For the Defense Department, “mission appropriate cybersecurity” remains the central aim of the department’s risk management framework. Officials are currently conducting a prioritization effort to determine how much and where the department invests its cybersecurity funding. Those decisions will be tracked by the Office of the Deputy Secretary of Defense, Hale said.


“We’re writing guidebooks for program managers on how the risk management framework fits into the acquisition process,” he said. Those guidebooks will cover not only government program offices and acquisition professionals but also contractors who are writing software for mission-critical weapons systems.

But on the operational front, the focus is on using big data to defeat cyber adversaries, Hale said.

“We’re trying to use rich data about bad guys to look at some of the infrastructure defenses and decide whether or not we’re spending our money in the right place,” he said. Agencies now have ample data available and the analytical tools that can tell them how their security systems are performing, and they can quickly map new attacks against that data to determine what can be blocked. “That’s a big change over how things worked even just a few years ago,” Hale said. “You actually now have bad guy capability data that you can use to make decisions about what to buy or how to structure your operation.”

According to Hale, DOD hasn’t always made good use of the data it collected on attackers. “We have ever-better data about bad guys and we have ever-better data that’s unclassified about bad guys. So this data can be very helpful in actually doing cybersecurity.” Hackers tend to get into networks in a particular way that can be profiled, he said. “They do a [domain name system] lookup in a particular way, they contact their command and control network in a particular way, they dump more malware in a particular way, they escalate privileges in a particular way and they move laterally in a particular way. So you can start to characterize all of these particular groups … and then you can kind of map your defenses against this ever-richer set of data about adversaries.”
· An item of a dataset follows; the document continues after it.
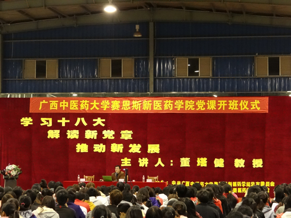 2012年12月5日晚,我院举行第11期入党积极分子培训开班仪式班,广西中医药大学党委副书记董塔健莅临并以《学习十八大新党章体会》为题,给培训班学员授课,宣讲党的十八大精神,解读修正后的《中国共产党章程》。&nb...

The Defense Department analyzed all its attack data, as well as data from other organizations, and found that in almost every case, the attacker exploited a preventable security flaw. “The threat data has confirmed that even when we have a really sophisticated adversary and we may actually see very sophisticated malware, we’re not seeing attacks against sophisticated vulnerabilities,” Hale said. “People are still using the same old stuff.”